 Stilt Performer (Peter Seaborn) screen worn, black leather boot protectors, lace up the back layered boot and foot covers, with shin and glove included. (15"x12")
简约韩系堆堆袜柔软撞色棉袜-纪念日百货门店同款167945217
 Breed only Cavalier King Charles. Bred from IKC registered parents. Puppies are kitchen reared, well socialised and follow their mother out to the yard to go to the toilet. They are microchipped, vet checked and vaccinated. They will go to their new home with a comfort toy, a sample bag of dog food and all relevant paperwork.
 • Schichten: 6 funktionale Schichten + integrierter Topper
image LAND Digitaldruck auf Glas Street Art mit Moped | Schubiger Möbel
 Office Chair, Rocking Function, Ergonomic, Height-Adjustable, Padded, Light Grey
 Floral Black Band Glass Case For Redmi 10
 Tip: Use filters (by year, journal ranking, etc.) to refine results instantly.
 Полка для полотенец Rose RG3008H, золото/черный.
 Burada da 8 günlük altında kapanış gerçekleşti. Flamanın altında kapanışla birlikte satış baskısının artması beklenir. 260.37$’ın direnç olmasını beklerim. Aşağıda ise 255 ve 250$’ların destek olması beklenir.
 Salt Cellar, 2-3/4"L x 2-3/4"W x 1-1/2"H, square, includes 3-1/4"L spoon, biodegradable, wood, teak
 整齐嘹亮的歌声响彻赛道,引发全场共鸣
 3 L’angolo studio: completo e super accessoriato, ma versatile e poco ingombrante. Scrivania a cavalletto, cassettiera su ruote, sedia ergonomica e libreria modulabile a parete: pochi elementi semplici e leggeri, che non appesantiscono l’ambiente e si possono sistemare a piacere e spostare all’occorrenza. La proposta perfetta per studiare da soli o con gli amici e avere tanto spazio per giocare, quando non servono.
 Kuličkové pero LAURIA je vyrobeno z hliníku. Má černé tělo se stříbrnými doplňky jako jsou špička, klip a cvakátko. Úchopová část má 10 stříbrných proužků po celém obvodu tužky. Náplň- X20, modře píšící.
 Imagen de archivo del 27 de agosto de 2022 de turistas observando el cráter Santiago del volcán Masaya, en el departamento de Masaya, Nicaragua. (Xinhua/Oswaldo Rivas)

▶ **Problem statement**:
Your answer should be one number: how many lines in the material above contain the string "with".

▶ **Exercise answer**:
2